Copy the material below verbatim from the line with "方程:①,②2x2﹣5xy+" to the line with "chinese kom met", both lines included, omitting pictures and every line outside that range.
BEGIN Input records
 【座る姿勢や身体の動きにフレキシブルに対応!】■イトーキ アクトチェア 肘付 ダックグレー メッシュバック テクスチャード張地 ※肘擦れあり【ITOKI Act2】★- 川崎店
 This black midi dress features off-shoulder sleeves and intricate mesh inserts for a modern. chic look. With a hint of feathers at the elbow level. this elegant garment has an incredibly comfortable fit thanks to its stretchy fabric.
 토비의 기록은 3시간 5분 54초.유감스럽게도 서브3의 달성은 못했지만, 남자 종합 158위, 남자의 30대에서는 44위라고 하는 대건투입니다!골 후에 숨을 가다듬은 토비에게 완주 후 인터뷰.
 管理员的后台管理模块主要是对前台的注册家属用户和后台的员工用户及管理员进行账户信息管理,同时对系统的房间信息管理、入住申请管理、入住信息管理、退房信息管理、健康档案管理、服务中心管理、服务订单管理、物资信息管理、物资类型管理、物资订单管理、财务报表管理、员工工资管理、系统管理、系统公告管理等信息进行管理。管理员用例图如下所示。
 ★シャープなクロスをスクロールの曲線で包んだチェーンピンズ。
END Input records
BEGIN Input records
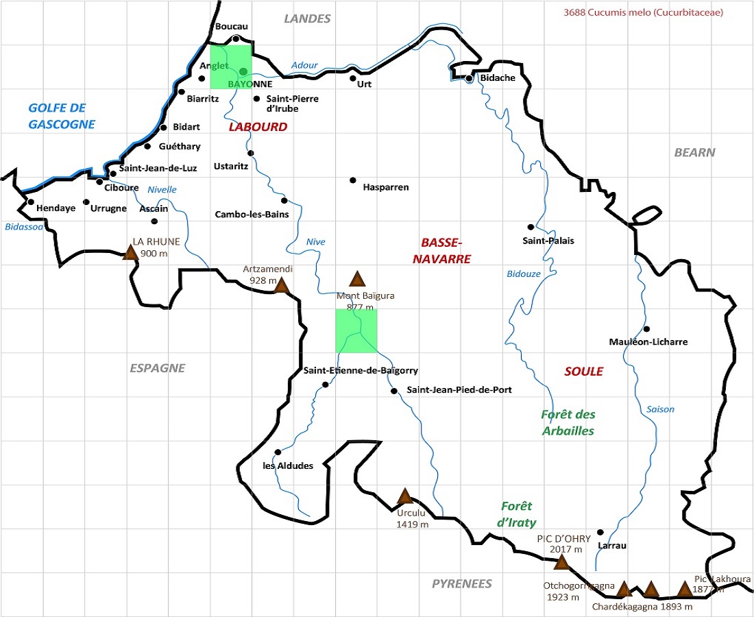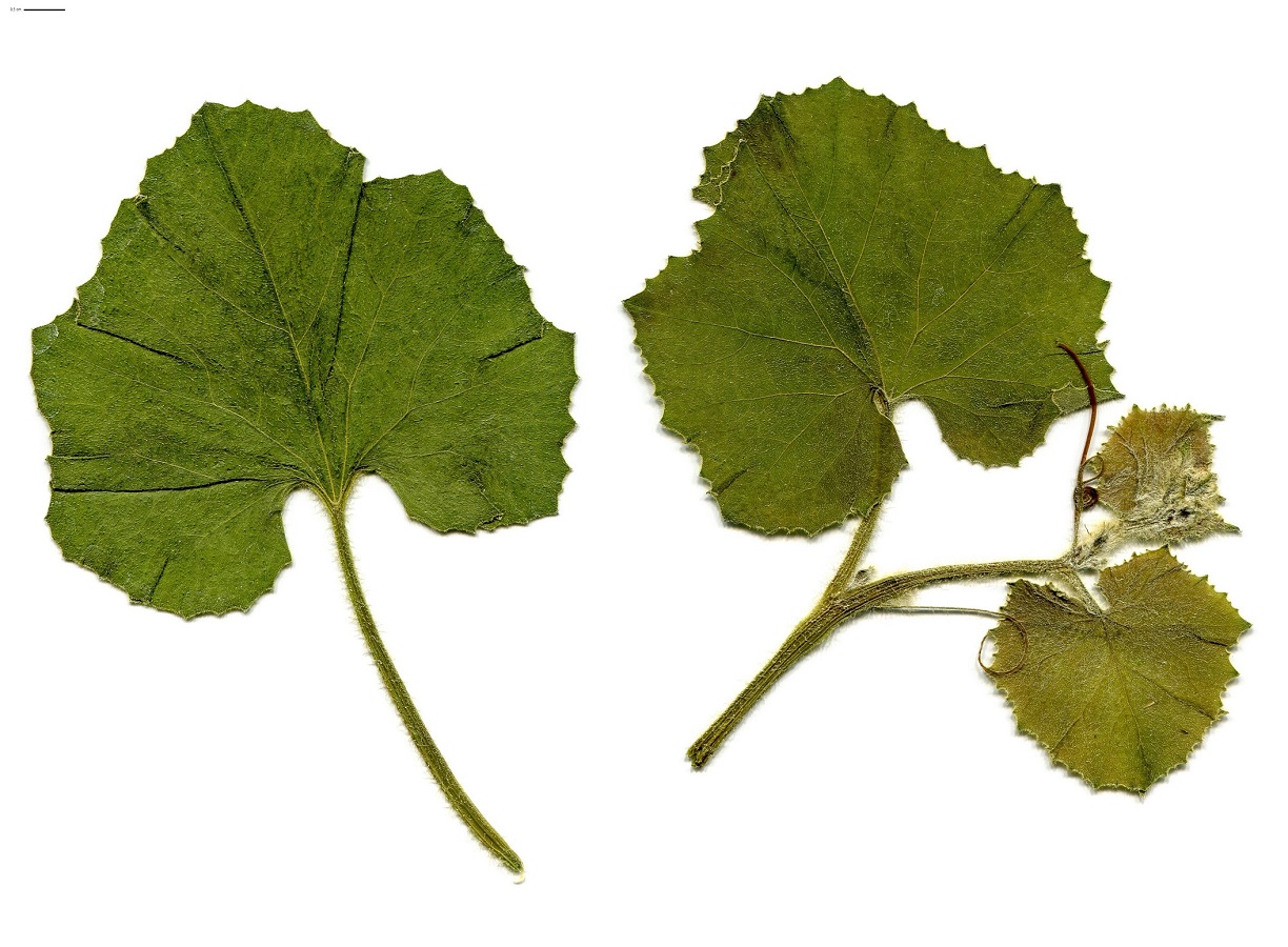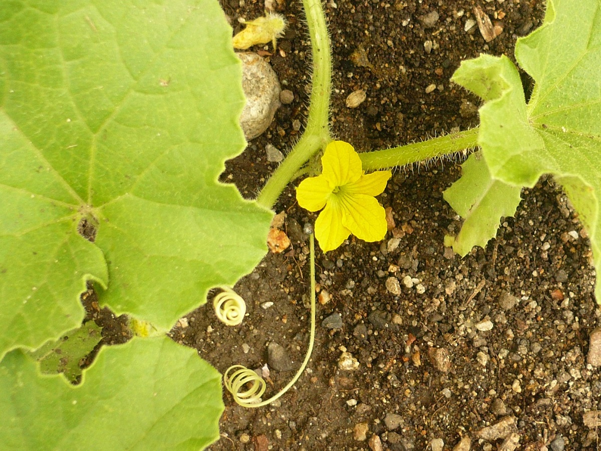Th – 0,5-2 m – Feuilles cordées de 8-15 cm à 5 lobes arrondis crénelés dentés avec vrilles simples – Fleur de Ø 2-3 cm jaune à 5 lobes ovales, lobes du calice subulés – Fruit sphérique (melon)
END Input records
BEGIN Input records
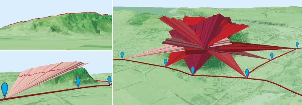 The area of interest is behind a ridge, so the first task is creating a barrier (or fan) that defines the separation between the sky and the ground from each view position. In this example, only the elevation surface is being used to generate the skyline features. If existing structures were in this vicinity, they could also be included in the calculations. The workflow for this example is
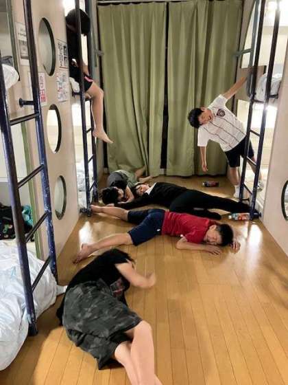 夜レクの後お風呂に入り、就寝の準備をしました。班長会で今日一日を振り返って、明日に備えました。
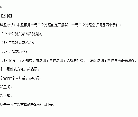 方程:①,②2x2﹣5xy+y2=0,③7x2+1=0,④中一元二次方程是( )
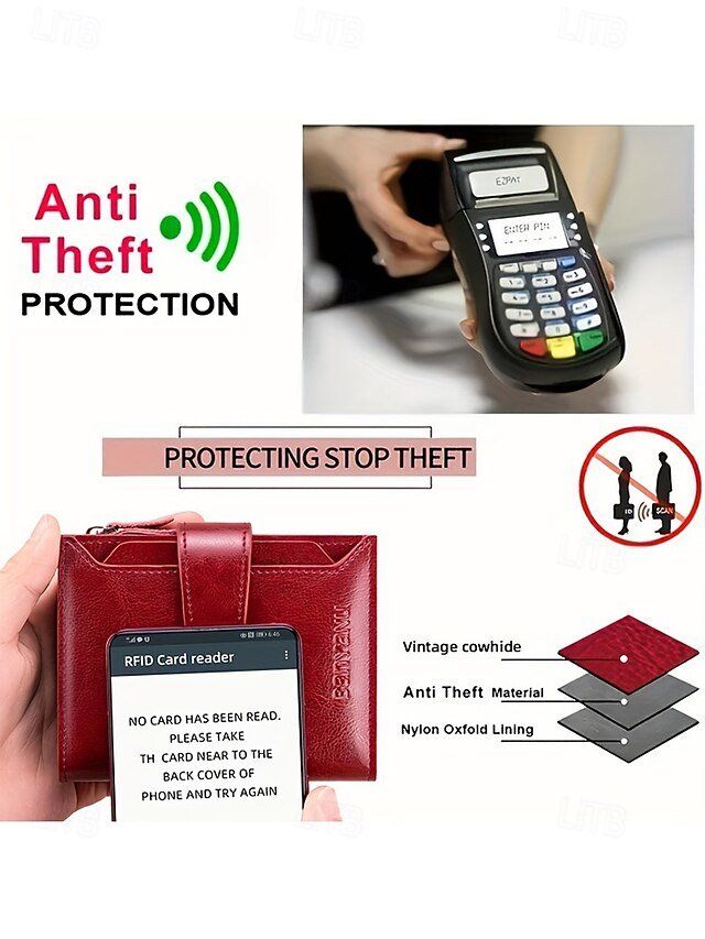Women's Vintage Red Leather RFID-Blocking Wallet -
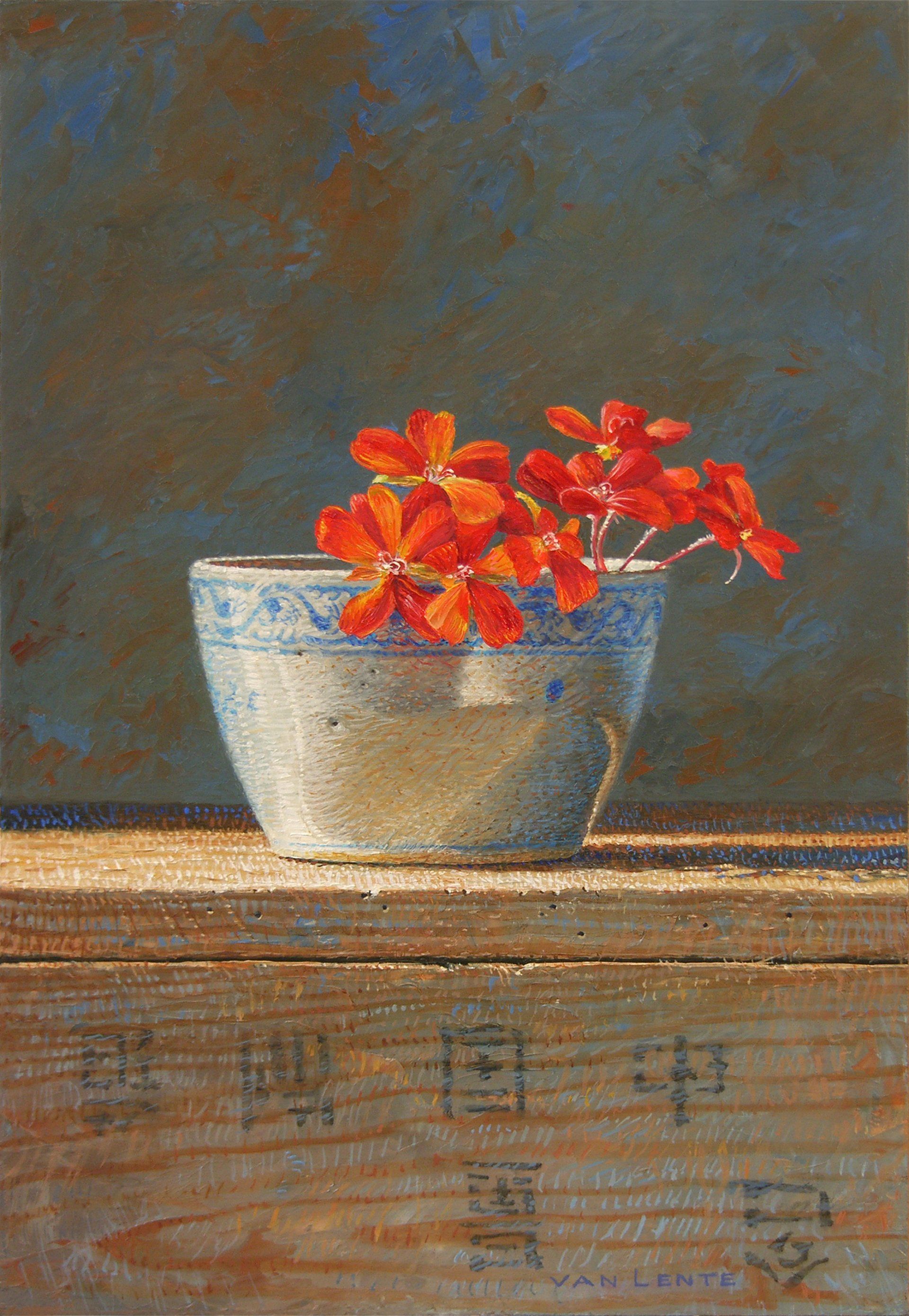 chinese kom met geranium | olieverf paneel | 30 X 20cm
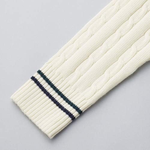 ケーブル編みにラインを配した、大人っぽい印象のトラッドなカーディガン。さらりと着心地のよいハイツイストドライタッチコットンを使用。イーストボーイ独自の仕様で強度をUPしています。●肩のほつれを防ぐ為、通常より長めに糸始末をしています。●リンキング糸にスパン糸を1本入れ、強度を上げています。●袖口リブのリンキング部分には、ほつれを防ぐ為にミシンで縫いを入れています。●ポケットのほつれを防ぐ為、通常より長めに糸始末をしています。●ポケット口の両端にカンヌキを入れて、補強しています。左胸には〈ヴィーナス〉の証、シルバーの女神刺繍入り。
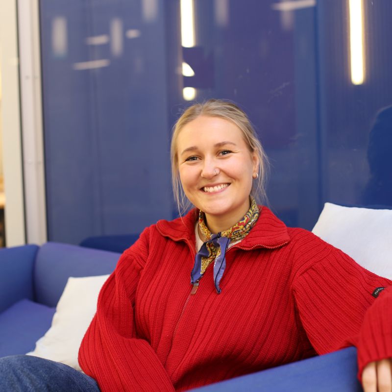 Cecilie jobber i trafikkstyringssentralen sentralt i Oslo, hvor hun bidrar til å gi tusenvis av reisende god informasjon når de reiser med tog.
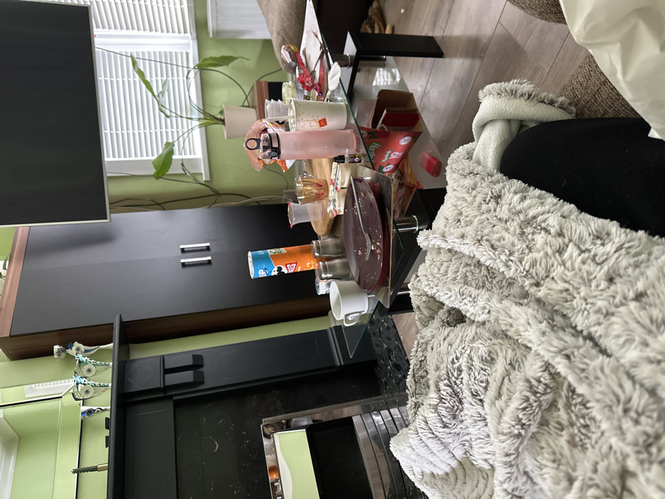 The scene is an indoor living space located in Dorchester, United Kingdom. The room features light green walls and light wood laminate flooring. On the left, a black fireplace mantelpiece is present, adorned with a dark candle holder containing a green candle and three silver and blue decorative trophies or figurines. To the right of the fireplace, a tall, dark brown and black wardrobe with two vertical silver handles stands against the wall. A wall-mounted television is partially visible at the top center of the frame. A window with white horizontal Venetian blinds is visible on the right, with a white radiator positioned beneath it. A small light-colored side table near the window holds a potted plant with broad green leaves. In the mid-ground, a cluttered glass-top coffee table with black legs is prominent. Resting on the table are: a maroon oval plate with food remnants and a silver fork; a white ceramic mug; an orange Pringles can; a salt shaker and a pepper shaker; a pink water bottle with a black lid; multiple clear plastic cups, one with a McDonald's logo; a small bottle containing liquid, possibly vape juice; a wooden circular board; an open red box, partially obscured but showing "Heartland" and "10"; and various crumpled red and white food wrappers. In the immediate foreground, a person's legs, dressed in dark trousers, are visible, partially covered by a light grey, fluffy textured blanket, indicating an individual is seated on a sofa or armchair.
END Input records
Answer space
 方程:①,②2x2﹣5xy+y2=0,③7x2+1=0,④中一元二次方程是( )
Women's Vintage Red Leather RFID-Blocking Wallet -
 chinese kom met geranium | olieverf paneel | 30 X 20cm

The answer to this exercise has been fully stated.